In acknowledgement of his service, he was raised to the nobility with his step brother, Friedrich Böning von Schulze. His brother died in 1786 as a pensioned colonel of the Infantry Regiment No. 5.

==Military career==
The Chief of the Artillery, Margrave Albert Frederick of Brandenburg-Schwedt noticed his talent, and in 1707 Schultze joined the Artillery corps. There he came to the notice of the future king, Friedrich Wilhelm I, who made him and subaltern in the Life Regiment. With this regiment, he fought in the War of Spanish Succession, especially at the Battle of Malplaquet and in the Siege of Bouchain in 1711.

On 13 January 1714, he was promoted to Fähnrich of the Infantry Regiment No. 2 (Jung-Dönhoff). In the Pomerania campaign of the Great Northern War (1715-1716, he fought at Stralsund and was promoted to lieutenant on 28 January 1716; 3 January 1723, staff captain of Infantry Regiment Nr. 28 (Mosel) and, quickly, on 5 June 1723, he received his own company. On 20 July 1730, he was also named as regional captain for Fischhausen (Prussia). In this position, he recruited 50 officers and more than 4000 soldiers for the Prussian army.

In 1732, the Crown Prince Frederick became his colonel. On 25 July 1738, he was promoted to Major, and, when Frederick formed his own Life Guard Regiment, the Prince named Schultze as lieutenant colonel of the first battalion. With the Life Guards, he fought on 10 April 1741 at the Battle of Mollwitz, where he was wounded by cannon shot and his horse, killed. On 18 May 1743, he was promoted to colonel and received command of the first and second battalions of Frederick's Life Guard. In the Second Silesian war, part of the War of Austrian Succession, he was commander of the fortress at Meissen. On 30 May 1747, he was promoted to major general and made commandant of the Breslau fortress as well as overseer of the Royal Riding Academy in Liegnitz. In the same year he received his own regiment, Infantry Regiment Nr. 29.

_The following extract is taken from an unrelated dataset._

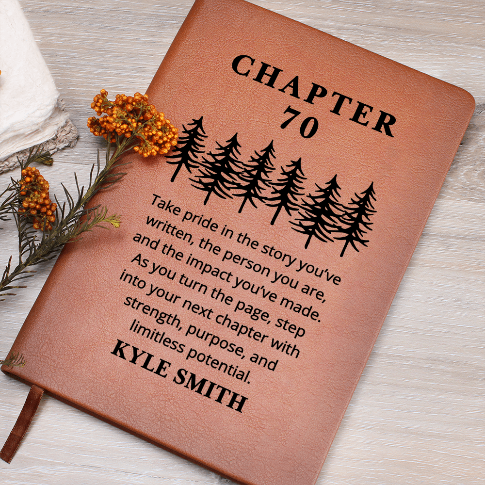 Celebrate a milestone in style with our Personalized Chapter Seventy Journal — a unique 70th birthday gift that combines meaning, elegance, and practicality. This custom notebook features the words “Chapter 70” beautifully displayed on the vegan leather cover, along with the recipient’s name and an optional personalized message.

With the outbreak of the Seven Years' War, he remained in Breslau, named lieutenant general in March 1757. During the Battle of Breslau on 22 November 1757, he led a brigade into battle and was shot through his left breast, badly wounded. He remained on his horse, leading his troops, until the animal was itself shot. Despite his own injuries, he mounted five additional horses; the horses were all killed and eventually he collapsed. He was carried to the house of Prince Ferdinand in Breslau, and there the ball was extracted, but he died of his wound two weeks later. He was buried at the evangelical church with little fanfare. In 1851, Frederick William IV included his name on the Equestrian statue of Frederick the Great, among the founders of the modern Prussian state.